[[ SOURCE MATERIAL, beginning ]]

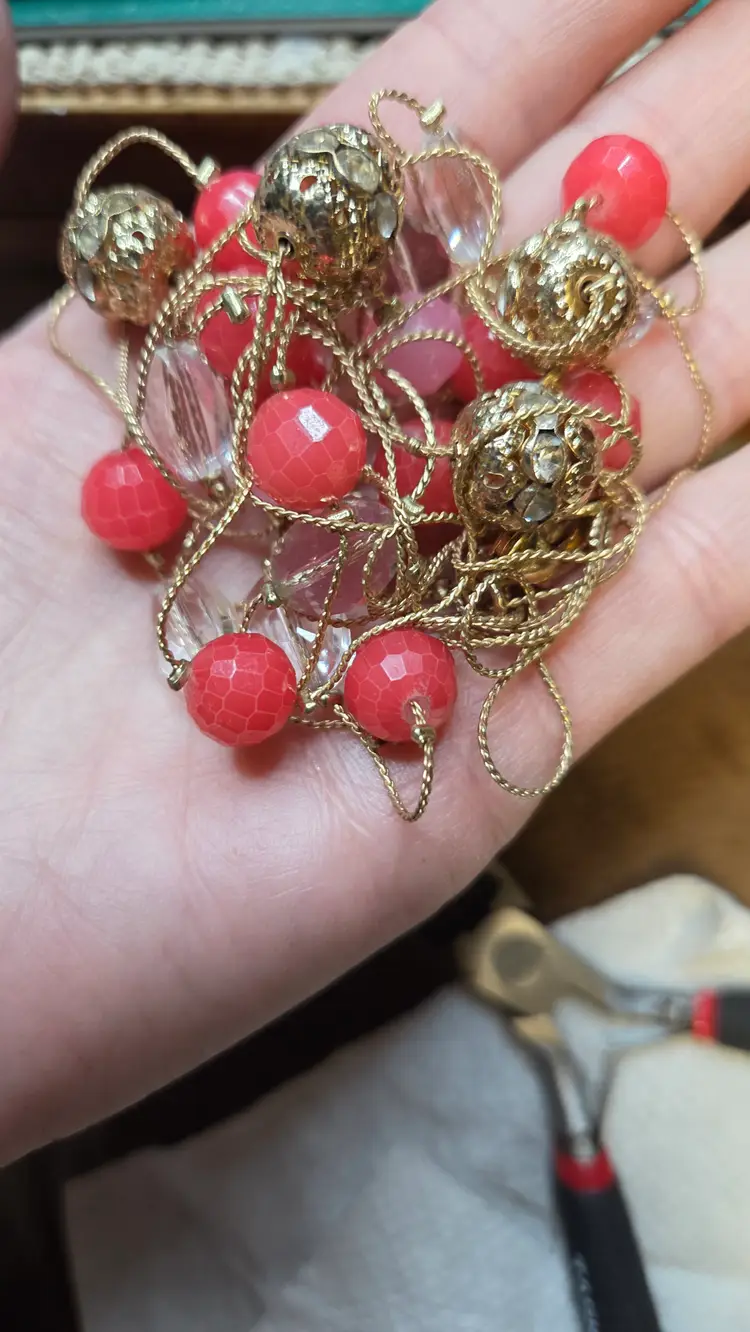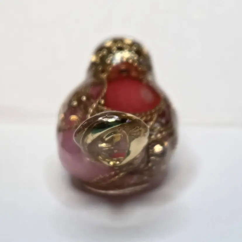 This gal is called Gildie because her head looks like gilded gold. She is made with a gokden seed bead beak, a filigreed type bead from a necklace that came in a craft lot from Orange Hound Studios (OHS). Her tail is made from a pendant also from OHS. Her body is from the same necklace as the head.
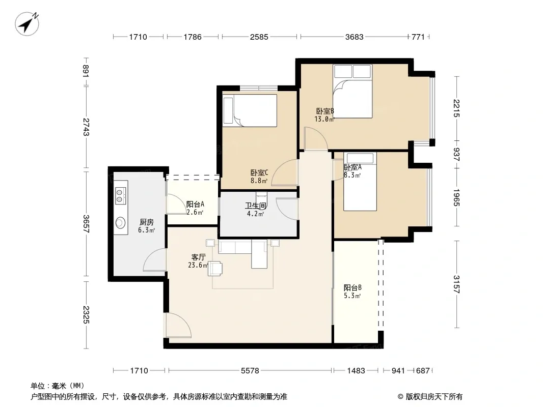 户型齐全,主打双阳台,双卧朝南,主卧朝南三居
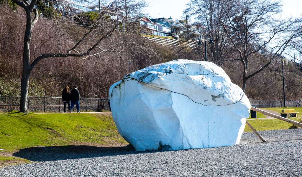 The city of White Rock, BC, encompasses the Semiahmoo First Nations Reserve, though they are governed separately. White Rock takes its name from a large white rock on the beach below the city. The rock was deposited by glacial action during the last glacial period. For many years, it was kept white by the guano of shell-fish eating seabirds, and was used as a beacon by ships in the bay. More recently, it is painted white by City crews, though it is often the victim of graffiti. A Semiahmoo origin legend describes the reason for the existence of the rock at the western end of the Reserve.
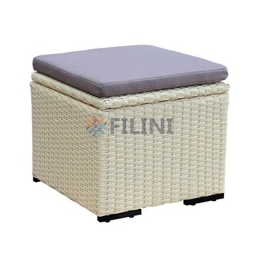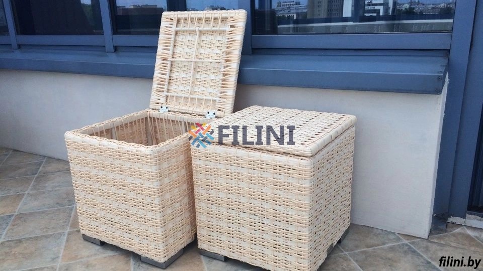 Квадратный уличный пуф из искусственного ротанга, с местом для хранения, из состава одноименной коллекции мебели "Березка" является весьма удобным и практичным аксессуаром для балкона, лоджии, террасы или веранды.

[[ SOURCE MATERIAL, end ]]

EXERCISE REQUIREMENTS:
Please write out all of the data verbatim, with no pictures in the copy.

ANSWER SECTION:
 This gal is called Gildie because her head looks like gilded gold. She is made with a gokden seed bead beak, a filigreed type bead from a necklace that came in a craft lot from Orange Hound Studios (OHS). Her tail is made from a pendant also from OHS. Her body is from the same necklace as the head.
 户型齐全,主打双阳台,双卧朝南,主卧朝南三居
 The city of White Rock, BC, encompasses the Semiahmoo First Nations Reserve, though they are governed separately. White Rock takes its name from a large white rock on the beach below the city. The rock was deposited by glacial action during the last glacial period. For many years, it was kept white by the guano of shell-fish eating seabirds, and was used as a beacon by ships in the bay. More recently, it is painted white by City crews, though it is often the victim of graffiti. A Semiahmoo origin legend describes the reason for the existence of the rock at the western end of the Reserve.
 Квадратный уличный пуф из искусственного ротанга, с местом для хранения, из состава одноименной коллекции мебели "Березка" является весьма удобным и практичным аксессуаром для балкона, лоджии, террасы или веранды.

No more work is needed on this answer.